Por supuesto, que el concepto de difícil o fácil es opinable. He escuchado a músicos de orquesta sinfónica (que tienen sobre sus espaldas varios años de estudio) decir que no pueden hacer cosas que sus colegas de Tango o Jazz (en muchos casos amateurs) hacen. Eso tiene que ver con la forma en la que se aprende y práctica
En otras palabras, si creciste con la generación de la interfaz gráfica, instalar desde la terminal puede resultar un choque cultural, pero para quienes nos iniciamos con la Commodore 64 tipear comandos es como volver a casa.
La RAE define a la palabra difícil como un adjetivo para algo que presenta obstáculos. Si buscamos la definición de esta última palabra nos informa que es un impedimento, dificultad o inconveniente.
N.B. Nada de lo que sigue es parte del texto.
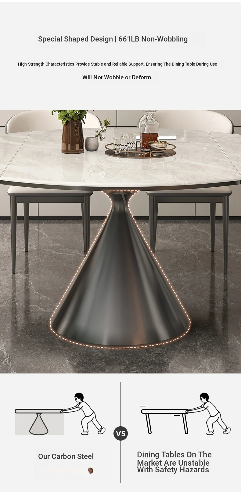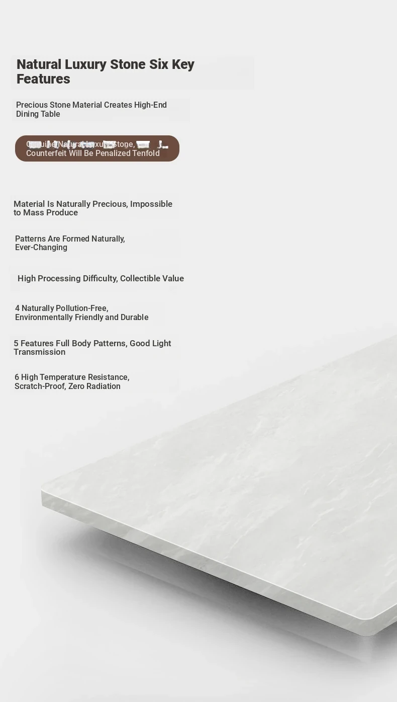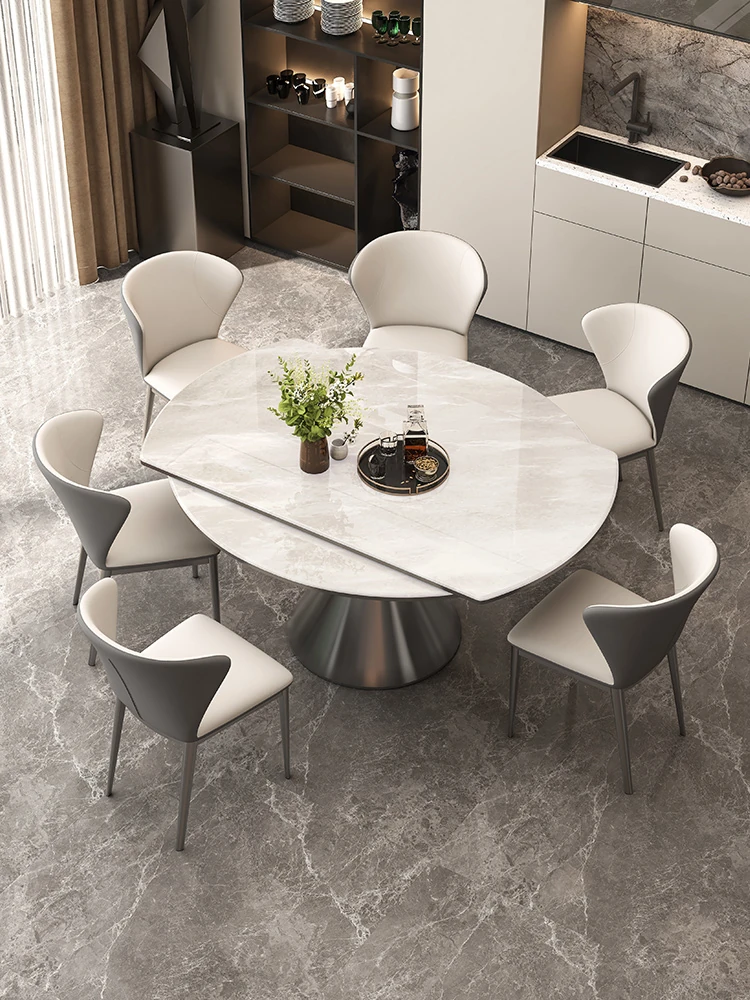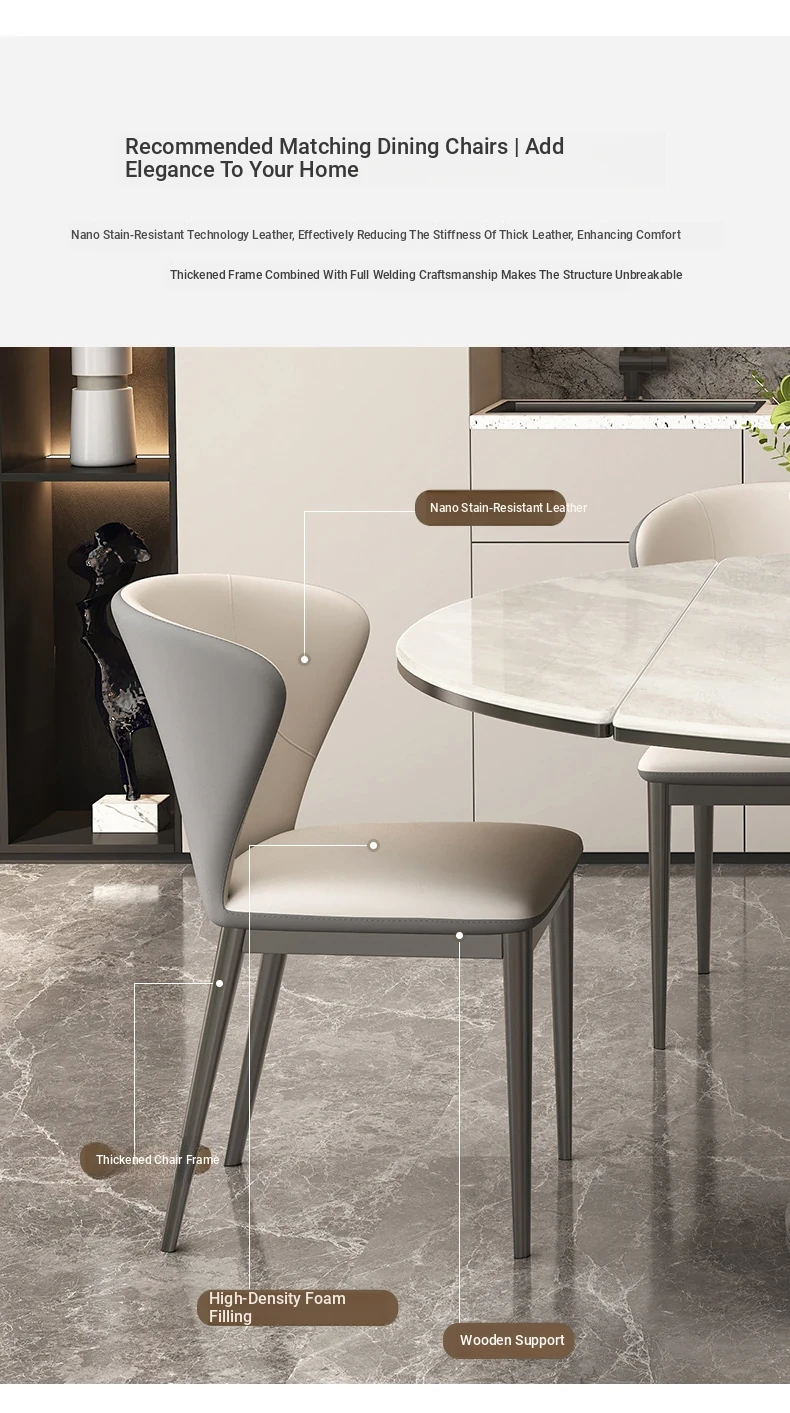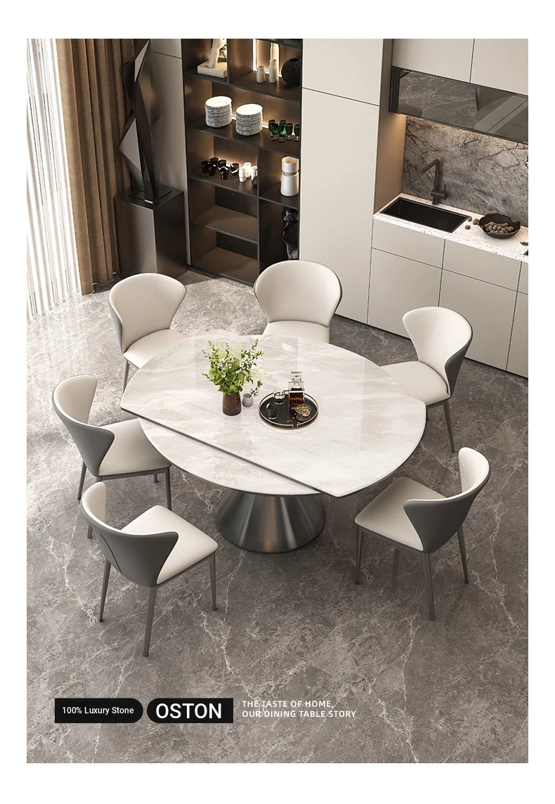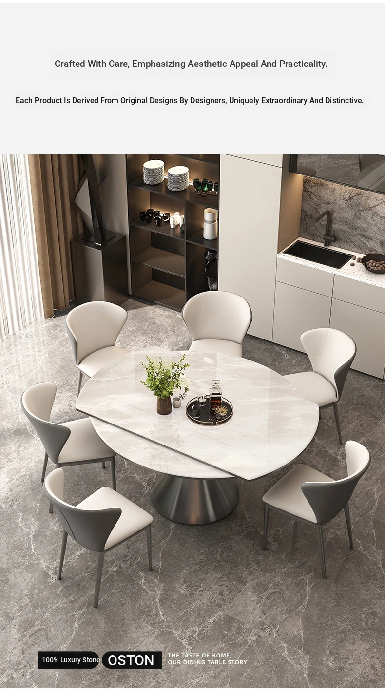Retractable table (Classy Import luxury stone) + cat scratch leather dining chair * 6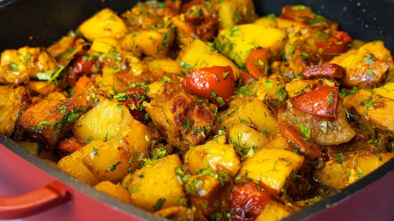 Если жаркое, то только такое! Жаркое по-деревенски. 🍲🍲🍲 Ингредиенты: ➊ Мясо - 1 кг ➋ Картошка - 1 кг ➌ Лук - 250 г ➍ Сладкий перец - 400 г ➎ Морковь - 200 г ➏ Чеснок - 20 г ➐ Кинза - 30 г ➑ Петрушка - 15 г ➒ Укроп - 15 г ❿ Лавровые листья - 2 средних или 3 маленьких ➊➊ Чёрный перец - 1 ч.л. ➊➋ Сладкая паприка - 1 ч.л. ➊➌ Хмели сунели - 1 ч.л. ➊➍ Острый молотый перец - по вкусу ➊➎ Молотый кориандр - 0,5 ч.л. ➊➏ Соль - по вкусу ➊➐ Бульон (куриный или овощной) - 200 мл 🍲🍲🍲 00:00 - начало 00:37 - нарезаем мясо 01:07 - нарезаем морковь 01:19 - очищаем и режем сладкий перец 02:06 - нарезаем лук 02:26 - нарезаем картофель 02:41 - обжариваем овощи по отдельности 04:58 - объединяем ингредиенты 05:11 - добавляем специи и бульон 06:10 - про зелень 06:46 - добавляем зелень и чеснок 07:49 - дегусташвили #кухнясакцентом #жаркое #жаркоеподеревенски

Debemos tener en cuenta que las causas de la dificultad varían. Tenemos, por ejemplo:
En octubre del 2006 compré un ordenador con placa madre Foxconn. Los memoriosos recordarán que Foxconn odiaba a Linux y en una época era imposible hacer funcionar ninguna distribución. Yo no lo sabía.
Para mi suerte, los desarrolladores del núcleo habían logrado solucionar los problemas de compatibilidad y justo salió Ubuntu 6.10. Solo tuve que iniciar sesión la primera vez con el monitor apagado y escribir un comando que ajustara la resolución del gestor de arranque.
En los años que llevo en Linux eso e instalar el controlador para que una cámara de fotos sin pedigrí funcione como cámara web fueron lo que más me costó. Solo tardé un par de horas de búsqueda en Google.
En mi opinión, si tienes el tiempo, la paciencia y las ganas, no se puede decir que sean realmente difíciles las distribuciones Linux difíciles. Lo que hay son distribuciones Linux que exigirán más de las tres cosas que otras.
Hace unos meses alguien me preguntó por qué uso distribuciones basadas en Ubuntu en lugar de usar Arch Linux. Le contesté que es por el mismo motivo que compro mi comida en el Carrefour que está a seis cuadras de donde vivo en lugar de salir a cazarla. TIempo y esfuerzo.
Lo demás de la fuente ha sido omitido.